Actually the RAW is fine in preventing that kind of abuse. I don't have the text to quote properly here, but it says something along the lines of "the DM may decide that a weapon is unsuitable to damaging a particular kind of object, e.g. a blunt weapon can't cut a rope". It is quite appropriate for a DM to say "nope, you can't chop a stone wall down with your sword. Try using a pick"

Cheers
 

Plane Sailing said:
Actually the RAW is fine in preventing that kind of abuse. I don't have the text to quote properly here, but it says something along the lines of "the DM may decide that a weapon is unsuitable to damaging a particular kind of object, e.g. a blunt weapon can't cut a rope". It is quite appropriate for a DM to say "nope, you can't chop a stone wall down with your sword. Try using a pick"

Cheers

Hi Plane Sailing - yes, the RAW does pretty much say "The RAW sucks, use common sense" :cool:

Even where it's an appropriate weapon for excavation, eg a pick, the RAW gives nonsensical results due to stone wall Hardness being 8 - same as for a small stone figurine - combined with Power Attack damage bonuses. I just don't use the combat rules for attacking walls and suchlike, and if I do stat a worked stone wall's Hardness & Hit Points I give it cumulative Hardness of ca 8 for 1st inch, + 4 per extra inch. Tunnelling through stone IMC takes hours, not seconds.
 

I'm playing an Urgosh weilding fighter2/rogue7. He has power attack. When combat starts he'll usually charge in and full power attack. After that he normally doesn't power attack since with improved TWF he can get in 4 sneak attacks in the right circumstances. However, when reduced to a single attack, he'll power attack (two handed) for either full or the amount of any bonuses he might have from charging, bless, etc.
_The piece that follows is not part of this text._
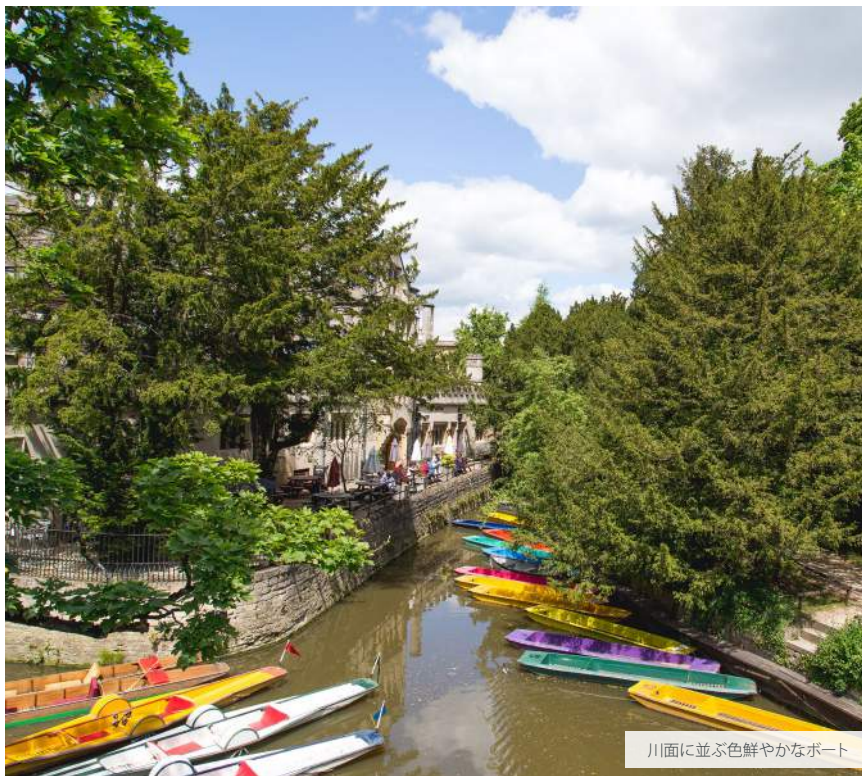
川面に並ぶ色鮮やかなボート

Of course this all stems from having an amazing versitile weapon. There is no feeling quite like critting on a full power attack at the beginning of combat. I did 3d8+3d6+48 on the wizard I caught flat footed at the beginning of a fairly important combat.

Oddly enough, she put a dying curse on me, I don't think the DM was very happy.
 

3.5 Power Attack seems overpowered due to its damage potential, but it's not. The big limitation is the fact that it is a melee-range option. Many big, power-attacking warriors aren't incredibly mobile, and unless your campaign spends a vast majority of its play time in cramped dungeon corridors, it won't be an overpowering feat because the warrior will be spending half the fight just jockeying for position with his foes. Our campaign is about 80% wilderness encounters, 20% dungeon, and let me tell you--between the wizard and the archer in the party, my dwarf fighter feels really ineffective in a lot of encounters because he spends most of his time running toward distant foes who often die before he arrives, thanks to the artillery in the group. Sure, my character can down a hill giant in a single full attack thanks to a nice falchion/Improved Critical/Power Attack combo, but it just doesn't happen all that often due to his lack of mobility. It sure is fun power attacking for 10 and popping a giant for 2d4+25 though (4d4+50 on a crit).

:D
 

Playing a 11th/1st cleric Figter, his backstory mentioned that he started out as FPAATT but that had learned better. He normally power attacked for 3 on any round where he made a single attack against a foe with moderate AC. He would up it to 5 if he charged with 2 or more buffs (normally Quickened DF and Bull Str or DP) Any full attacks were made without PA.
Mid adventure the party would run into hardy undead with AC 14 - he was quite posessive of his right to kill them with charge and full power attack. Mathmatically he should only have used 6 pts instead of 9 - (so he would hit on a 2) but that didn't bother him.

His other joy was crits his x4 multilplier would force a MDS on any critical.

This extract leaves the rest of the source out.